Until the early 1970s, almost all countries had capital controls until the IMF and the World Bank persuaded all of us wrongly that capital controls were harmful.

Presently, particulary after the global financial crisis of 2008, many countries have adopted capital controls alongside macro economic and prudential capital controls to damp the effects of volatile flows in their economies. This has also been accepted by both the IMF and the World Bank as necessary policies directions.

If our Minister of Finance A.B.Chikwanda and his team were now to seek advice from the IMF, they would be advised to consider introducing prudential capital controls to deal with our current economic crisis. Failure to recognize this necessity, is not helpful to Zambia.

During the 2008-2012  Icelandic financial crisis, the IMF proposed that capital controls on outflows should be imposed by Iceland. In 2009, Brazil imposed a tax on the purchase of financial assets by foreigners and Taiwan restricted overseas investors from buying Time Deposits. The Financial Times has reported tightening of controls in Indonesia, South Korea, Russia, Peru and so on. Indonesia implemented a one-month minimum holding period for certain securities. In South Korea, limits have been placed on currency forward positions. Taiwan has restricted foreign investors to certain bank deposits.

As everyone knows, Zambia has in recent years, experienced huge capital inflows resulting from the expansionary monetary policies of our governments. These capital inflows are both good and potentially bad. Many countries that experienced similar inflows, adopted prudential capital controls to reduce the risk of financial crisis and prevent the associated externalities such as currency collapse. Prudential capital controls is a process where a country regulates its capital account inflows to mitigate systemic risk, reduce business cycle volatility, increase macro stability and enhance social welfare of the people.

Prudential capital controls are necessary for Zambia. The doctrine of free capital movement as demanded by right wing ideologists does not correlate positively with economic growth. That is why Joseph Stigliz and his colleagues have written to President Obama to repeal he law in America the punishes those nations that adopt capital controls.

Capital controls as India and China have shown, are a progressive policy paradigm as for instance, by limiting Zambians to own foreign assets, this would ensure that domestic credit is available more cheaply and Zambian businessmen would have an inexpensive source of loans.

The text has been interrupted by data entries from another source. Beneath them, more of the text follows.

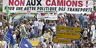 Plusieurs milliers de personnes ont protesté contre l’ouverture du tunnel du Mont-Blanc aux camions de plus de 40 tonnes. Un accès sans entrave décidé par le gouvernement français un peu plus de trois ans après l’accident qui avait tué 39 personnes le 24 mars 1999.
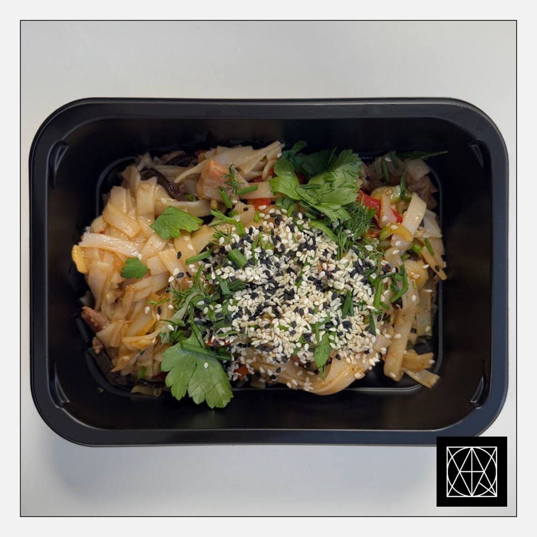 WOK makaronai su vištienos blauzdelių mėsa, paprikomis, cukinija, wok daržovėmis, kepintais sezamais, svogūnų laiškais ir saldžiarūgščiu padažu
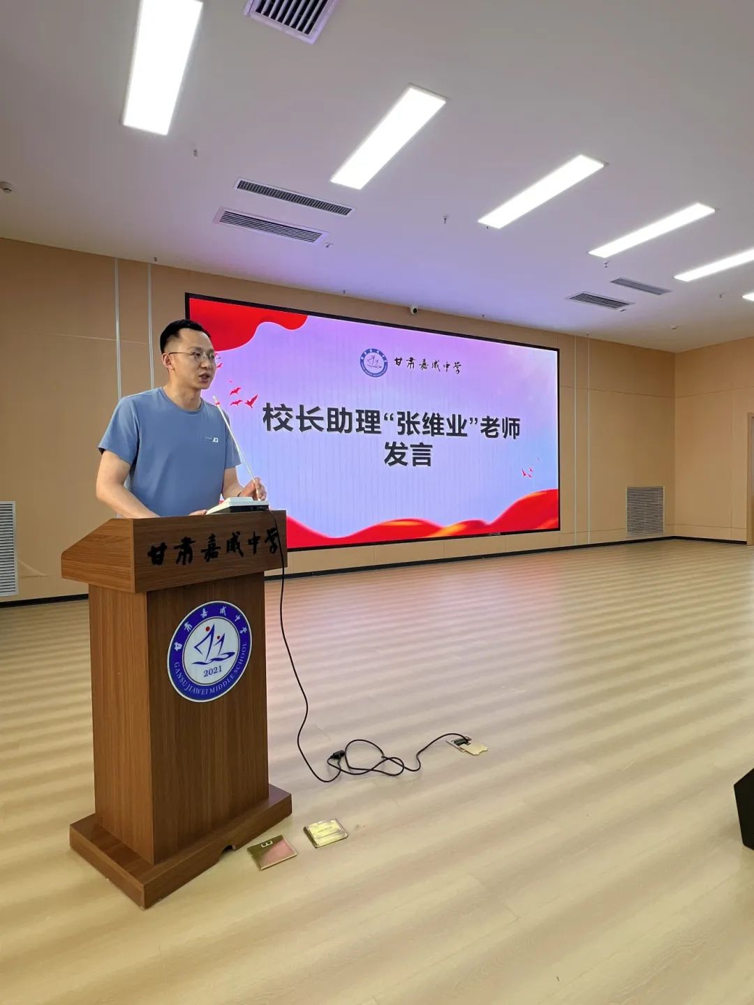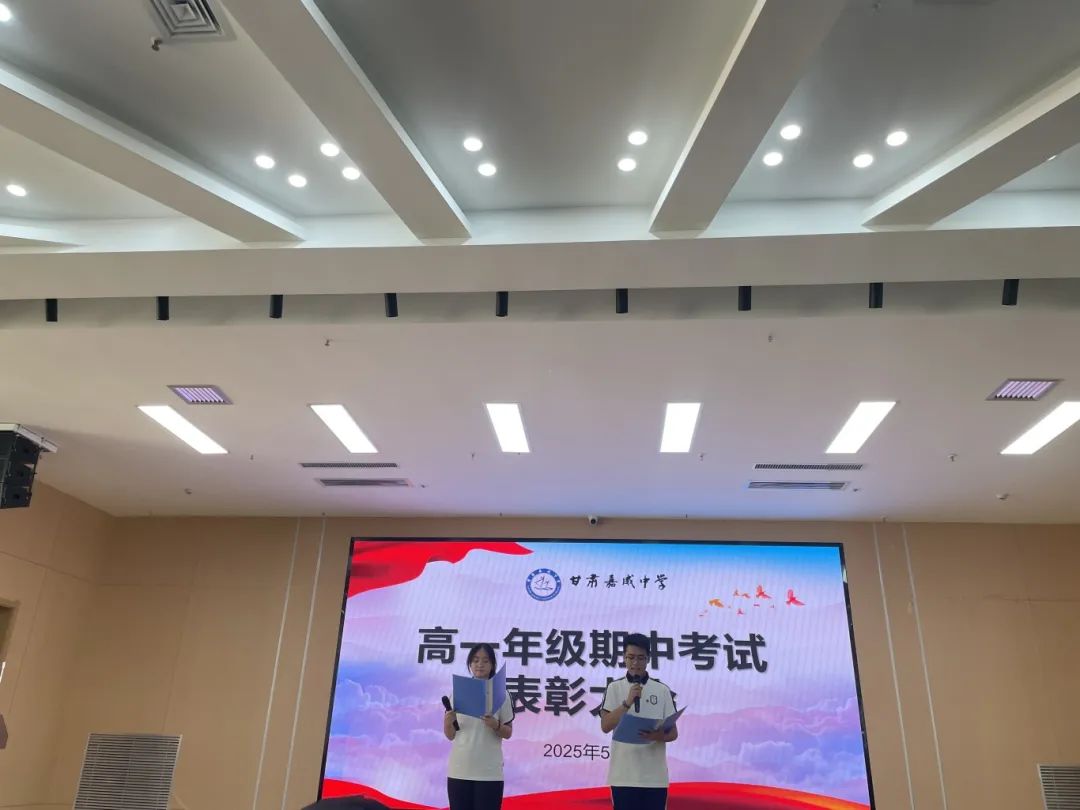 夏风执笔,镌刻奋斗的足迹;时光为证,定格成长的荣光。2025年5月19日下午,甘肃嘉威中学高一年级举行了2024-2025学年第二学期期中考试表彰大会。甘肃嘉威中学党总支书记、校长贾金元,副校长丁瑶,党总支副书记王行高,校长助理程国山、张维业、胡牛子,教务中心主任董娟,学生工作中心主任郭正丹,团委副书记杨海琼,高一年级班主任和高一全体学生参加了本次表彰大会。
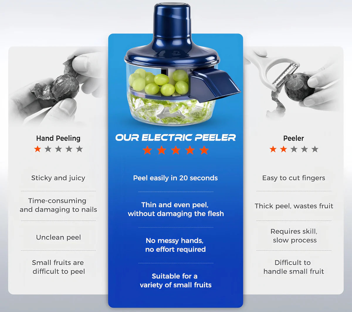 “Perfect for Fruit Lovers”😍🍒 If you love fresh fruit but hate peeling, this is a must-have. Clean peels, no wasted flesh, and my hands stay clean. Technology really does change lives! 🤯
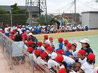 今日のロング昼休みに、プール開きがありました。校長先生のお話の後、6年生の作文発表がありました。今年の水泳目標についての発表でした。その後、体育主任からプール使用上の注意がありました。子どもたちの中から、「早く泳ぎたいな。」という声が聞こえてきました。
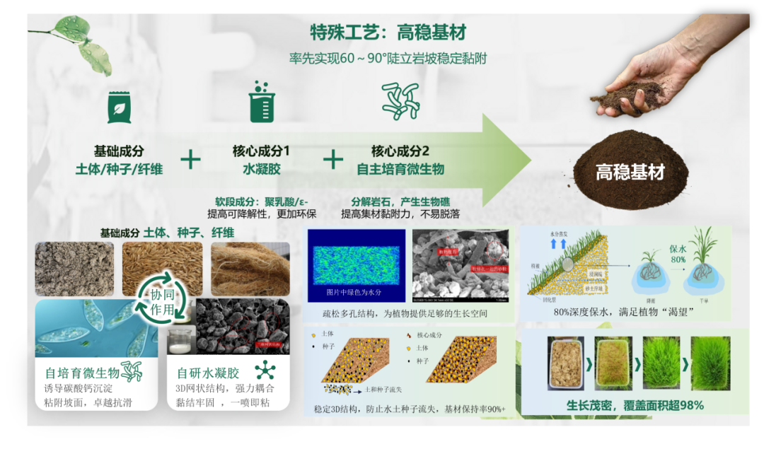 该项目团队针对原有边坡生态修复技术存在的适用坡度小、基材易流失、修复效果差等问题,积极开展跨学科创新研究,自主研发可降解环保水凝胶,自主培育微生物,独创配比适用于陡立岩坡生态修复的高稳基材,为陡立岩质边坡生态治理提供定制化专业修复方案,助力国家“双碳目标”达成。
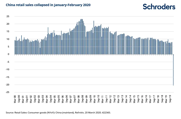 “Miremos el dato que miremos de la economía china, comprobaremos que hay descensos de hasta dos cifras. El consumo se ha visto especialmente afectado. En general, las ventas online se han mantenido más estables que las de al por menor, pese a que han descendido un 3,3% anual. No obstante, esto sigue suponiendo una ralentización significativa, debido al crecimiento de doble dígito que se registró en 2019. Por tanto, y aunque se espera que las ventas online sean mayores que las brick (servicio que permite realizar compras digitales, para posteriormente recoger los pedidos en punto de venta), el coronavirus está planteando serios problemas al potente sector del comercio electrónico en China”, ha explicado Craig Botham, economista de Mercados Emergentes de Schroders.
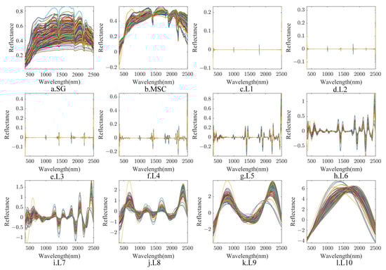 SG smoothing, MSC, and CWT were applied to the original spectral data to enhance the spectral response characteristics. As illustrated in Figure 5a, the SG method effectively removes spikes from the original spectrum, particularly in the 2200–2400 nm range. Following the application of the MSC transformation, the features of the spectral curve become more pronounced, especially at 500 nm, 1350 nm, 1800 nm, and 2200 nm (Figure 5b). The CWT method, when used to decompose the spectrum at scales L1-L10, further highlights less obvious feature peaks, with the shape of the absorption peaks reflecting the spectral characteristics. As the scale increases from L4, distinct spectral features gradually emerge. However, excessively increasing the decomposition scale may lead to the significant removal of low-frequency components, causing the spectral curve to become smoother and resulting in the loss of absorption peaks at various wavelengths (Figure 5c–l). Therefore, at excessively high decomposition scales, capturing useful characteristic spectral information becomes challenging.

Large uncontrolled capital inflows and unabated outflows mostly as illicit outflows as Zambia has experienced in recent years have damaged our country’s economic development. The inflows have become loans dominated in forex and the repayments will be very expensive as our Kwacha continues to depreciate. This is what is called the “original sin”- a situation where our country will not be able to borrow abroad in our Kwacha or to borrow long-term even domestically. The illicit outflows is known as capital flight where companies instead of exporting only dividends earned also are allowed uncleverly, to export all their gross earnings everyday.